The N-of-1 trial is a randomized experiment with a single participant. The patient is given two treatments, an active therapy and a placebo or alternate therapy; the order is determined by random allocation. Both the patient and treating clinician may be blinded as to which particular treatment is being used at a particular time. In Pediatrics, the practice of N-of-1 technique is being used in cases where there is no standard of care or where there are insufficient data to prove a treatment's safety and efficacy.

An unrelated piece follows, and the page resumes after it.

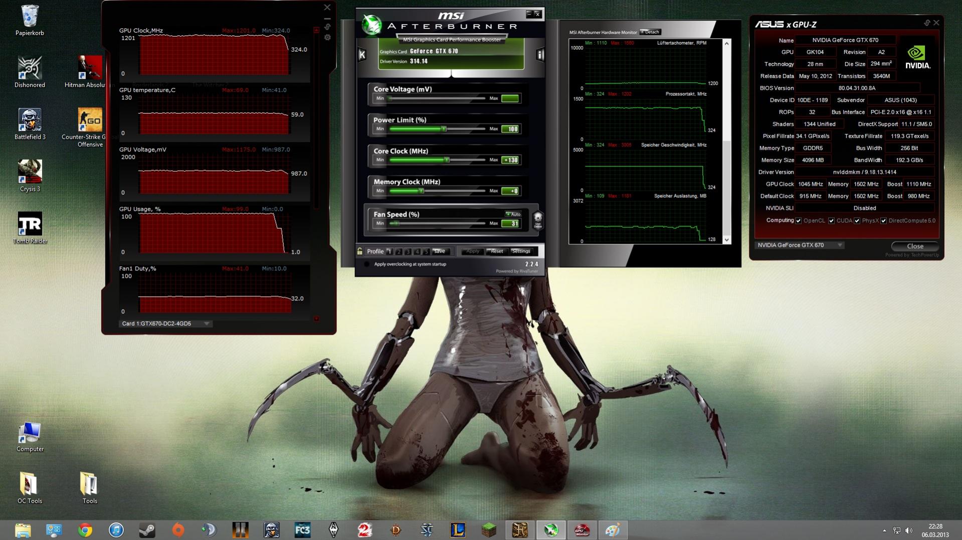 ich habe jetzt eine Asus Direct Cu II GTX 670 4 GB und wollte sie mit dem GPU Tool von Asus selber, etwas übertakten. Mit dem Core Speed @ Stock also 980 Mhz mit Boost im Idle und beim Unigine Heaven Benchmark 4.0 mit 1084 Mhz bei Belastung kam ich auf 814 Pkt bei Max Tesse / 8x AA / Ultra.

A variety of arguments have been used to support the use of N-of-1 trials. These include intervention designed to enhance patient wellbeing, a reasonable expectation of success, or as a last resort. These arguments do not hold true for all N-of-1 trials. Many N-of-1 trials are designed to test the efficacy of a specific therapy. This is the purpose of experimental research and raises ethical concerns that must be addressed. First, respect for patients, expressed by informed consent must be paramount. Second, beneficence should be ensured by balancing expected risks and benefits. Third, the assignment of patients enrolled must reflect justice. To avoid the pitfalls of not taking these considerations into account, physicians should adhere to the usual guidelines for research with human subjects, including review by the institutional review board (IRB).

Nonetheless, the urgency of clinical practice may be frustrated by the delay in the approval of these trials that often accompanies IRB approval. Submitting possible N-of-1 protocols in advance of actual trials for those physicians with an already known population may be a solution to this problem.